Intrinsic Plagiarism Detection 2009
Synopsis
- Task: Given a set of suspicious documents the task is to identify all plagiarized text passages, e.g., by detecting writing style breaches. The comparison of a suspicious document with other documents is not allowed in this task.
- Input: [data]
- Evaluator: [code]
Award
We are happy to announce the following overall winner of the 1st International Competition on Plagiarism Detection who will be awarded 500,- Euro sponsored by Yahoo! Research:
- Task winner of the intrinsic analysis task is Efstathios Stamatatos from the University of the Aegean.
Congratulations!
Input
To develop your approach, we provide you with a training corpus which comprises a set of suspicious documents, each of which may contain plagiarized passages.
Output
For each suspicious document suspicious-documentXYZ.txt found in the evaluation
corpora, your plagiarism detector shall output an XML file suspicious-documentXYZ.xml which contains
meta information about all plagiarism cases detected within:
<document reference="suspicious-documentXYZ.txt">
<feature name="detected-plagiarism"
this_offset="5"
this_length="1000"
/>
...
</document>
The XML documents must be valid with respect to the XML schema found here.
Evaluation
Performance will be measured using macro-averaged precision and recall, granularity, and the plagdet score, which is a combination of the first three measures.
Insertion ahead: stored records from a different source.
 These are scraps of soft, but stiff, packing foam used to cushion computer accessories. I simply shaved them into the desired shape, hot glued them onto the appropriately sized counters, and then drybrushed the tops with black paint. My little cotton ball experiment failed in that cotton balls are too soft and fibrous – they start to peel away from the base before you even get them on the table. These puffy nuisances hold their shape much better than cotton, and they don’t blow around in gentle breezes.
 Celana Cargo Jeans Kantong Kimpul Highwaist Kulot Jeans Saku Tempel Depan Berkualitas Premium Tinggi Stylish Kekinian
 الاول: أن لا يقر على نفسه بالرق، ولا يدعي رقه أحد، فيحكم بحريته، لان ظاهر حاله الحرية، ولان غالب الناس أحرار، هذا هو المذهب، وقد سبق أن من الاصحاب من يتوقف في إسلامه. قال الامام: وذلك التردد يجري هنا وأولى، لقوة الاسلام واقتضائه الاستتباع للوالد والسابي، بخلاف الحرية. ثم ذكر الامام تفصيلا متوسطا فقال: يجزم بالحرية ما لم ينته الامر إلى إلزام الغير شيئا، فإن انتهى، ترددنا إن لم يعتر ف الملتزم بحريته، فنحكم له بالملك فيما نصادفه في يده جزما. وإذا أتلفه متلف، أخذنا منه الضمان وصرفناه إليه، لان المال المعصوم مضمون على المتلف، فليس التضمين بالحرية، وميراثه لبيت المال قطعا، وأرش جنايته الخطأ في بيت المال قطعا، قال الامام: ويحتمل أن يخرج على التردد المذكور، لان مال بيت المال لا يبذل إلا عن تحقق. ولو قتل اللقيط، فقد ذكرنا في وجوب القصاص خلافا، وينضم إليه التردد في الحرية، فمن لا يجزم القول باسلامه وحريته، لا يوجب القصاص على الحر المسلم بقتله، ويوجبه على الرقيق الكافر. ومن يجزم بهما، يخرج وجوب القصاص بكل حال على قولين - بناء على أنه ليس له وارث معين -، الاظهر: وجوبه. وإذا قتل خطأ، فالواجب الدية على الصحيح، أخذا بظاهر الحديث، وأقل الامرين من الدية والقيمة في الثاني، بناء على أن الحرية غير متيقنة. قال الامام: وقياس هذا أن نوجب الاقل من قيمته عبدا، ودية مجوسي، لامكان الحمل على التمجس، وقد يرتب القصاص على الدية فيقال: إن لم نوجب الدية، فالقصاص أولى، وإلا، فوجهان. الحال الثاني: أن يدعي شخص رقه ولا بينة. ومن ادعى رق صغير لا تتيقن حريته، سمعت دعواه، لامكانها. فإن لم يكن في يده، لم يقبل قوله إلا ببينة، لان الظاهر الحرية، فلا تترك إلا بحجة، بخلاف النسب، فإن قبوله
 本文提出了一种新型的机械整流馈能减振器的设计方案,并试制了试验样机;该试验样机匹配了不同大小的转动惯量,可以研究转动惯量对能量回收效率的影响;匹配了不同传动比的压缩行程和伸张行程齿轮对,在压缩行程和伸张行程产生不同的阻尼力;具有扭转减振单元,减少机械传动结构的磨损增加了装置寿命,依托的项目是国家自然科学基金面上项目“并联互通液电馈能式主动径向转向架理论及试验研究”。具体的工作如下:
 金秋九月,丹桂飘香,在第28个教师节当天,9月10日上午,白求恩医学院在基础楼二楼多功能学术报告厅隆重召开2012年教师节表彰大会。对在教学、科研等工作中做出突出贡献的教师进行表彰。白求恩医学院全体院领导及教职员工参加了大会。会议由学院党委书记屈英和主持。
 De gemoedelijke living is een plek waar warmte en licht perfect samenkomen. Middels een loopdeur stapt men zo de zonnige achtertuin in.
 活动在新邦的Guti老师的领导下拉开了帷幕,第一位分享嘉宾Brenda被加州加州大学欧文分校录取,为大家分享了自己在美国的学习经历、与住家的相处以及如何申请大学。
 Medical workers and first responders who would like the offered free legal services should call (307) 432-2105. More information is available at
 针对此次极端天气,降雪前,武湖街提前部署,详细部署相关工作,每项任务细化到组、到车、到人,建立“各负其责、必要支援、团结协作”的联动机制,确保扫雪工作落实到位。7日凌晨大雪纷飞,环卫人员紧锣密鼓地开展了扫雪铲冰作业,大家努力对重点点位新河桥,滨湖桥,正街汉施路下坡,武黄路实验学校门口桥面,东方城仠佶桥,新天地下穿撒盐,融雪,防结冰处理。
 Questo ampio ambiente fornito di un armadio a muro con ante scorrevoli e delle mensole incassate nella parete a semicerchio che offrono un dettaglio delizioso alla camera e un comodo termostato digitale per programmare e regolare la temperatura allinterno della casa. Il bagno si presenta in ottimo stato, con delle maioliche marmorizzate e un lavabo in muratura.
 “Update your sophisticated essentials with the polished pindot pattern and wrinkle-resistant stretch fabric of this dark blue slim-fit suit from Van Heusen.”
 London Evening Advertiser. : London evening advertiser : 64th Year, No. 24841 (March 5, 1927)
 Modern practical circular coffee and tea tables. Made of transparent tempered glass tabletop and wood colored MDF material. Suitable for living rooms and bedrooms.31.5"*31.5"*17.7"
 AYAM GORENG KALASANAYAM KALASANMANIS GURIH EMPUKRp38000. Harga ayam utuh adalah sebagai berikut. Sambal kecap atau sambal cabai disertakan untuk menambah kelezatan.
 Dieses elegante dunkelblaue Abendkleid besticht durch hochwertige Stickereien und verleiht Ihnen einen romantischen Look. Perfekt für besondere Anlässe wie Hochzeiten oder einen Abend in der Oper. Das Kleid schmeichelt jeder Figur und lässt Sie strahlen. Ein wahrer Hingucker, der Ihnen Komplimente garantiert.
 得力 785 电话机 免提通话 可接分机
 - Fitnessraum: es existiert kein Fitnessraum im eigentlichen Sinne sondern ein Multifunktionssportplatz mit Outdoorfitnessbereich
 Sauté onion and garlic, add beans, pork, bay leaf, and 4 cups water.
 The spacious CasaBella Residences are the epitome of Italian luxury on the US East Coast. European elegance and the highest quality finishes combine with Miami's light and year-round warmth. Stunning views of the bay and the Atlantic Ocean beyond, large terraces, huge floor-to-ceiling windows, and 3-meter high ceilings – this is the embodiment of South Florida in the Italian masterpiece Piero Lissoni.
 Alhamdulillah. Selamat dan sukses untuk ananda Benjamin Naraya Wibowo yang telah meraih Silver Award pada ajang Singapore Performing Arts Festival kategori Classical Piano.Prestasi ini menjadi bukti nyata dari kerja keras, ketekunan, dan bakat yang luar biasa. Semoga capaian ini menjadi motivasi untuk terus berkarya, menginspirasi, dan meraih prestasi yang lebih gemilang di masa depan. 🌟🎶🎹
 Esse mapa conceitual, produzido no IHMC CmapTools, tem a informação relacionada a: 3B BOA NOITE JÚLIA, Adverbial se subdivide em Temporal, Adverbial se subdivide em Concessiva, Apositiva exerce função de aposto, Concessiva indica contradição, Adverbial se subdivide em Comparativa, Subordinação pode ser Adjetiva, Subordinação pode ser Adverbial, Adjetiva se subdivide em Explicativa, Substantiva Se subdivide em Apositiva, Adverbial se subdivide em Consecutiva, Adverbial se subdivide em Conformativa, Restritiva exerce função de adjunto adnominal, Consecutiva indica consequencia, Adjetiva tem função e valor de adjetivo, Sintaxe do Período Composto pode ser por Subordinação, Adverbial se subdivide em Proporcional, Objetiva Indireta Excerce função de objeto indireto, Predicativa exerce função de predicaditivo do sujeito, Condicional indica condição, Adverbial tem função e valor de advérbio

For your convenience, we provide a reference implementation of the measures written in Python.
Results
| Intrinsic Plagiarism Detection Performance | |
|---|---|
| Plagdet | Participant |
| 0.2462 | E. Stamatatos University of the Aegean, Greece |
| 0.1955 | B. Hagbi and M. Koppel Bar Ilan University, Israel |
| 0.1766 | M. Zechner, M. Muhr, R. Kern, and M. Granitzer Know-Center Graz, Austria |
| 0.1219 | L. M. Seaward and S. Matwin University of Ottawa, Canada |
A more detailed analysis of the detection performances with respect to precision, recall, and granularity can be found in the overview paper accompanying this task.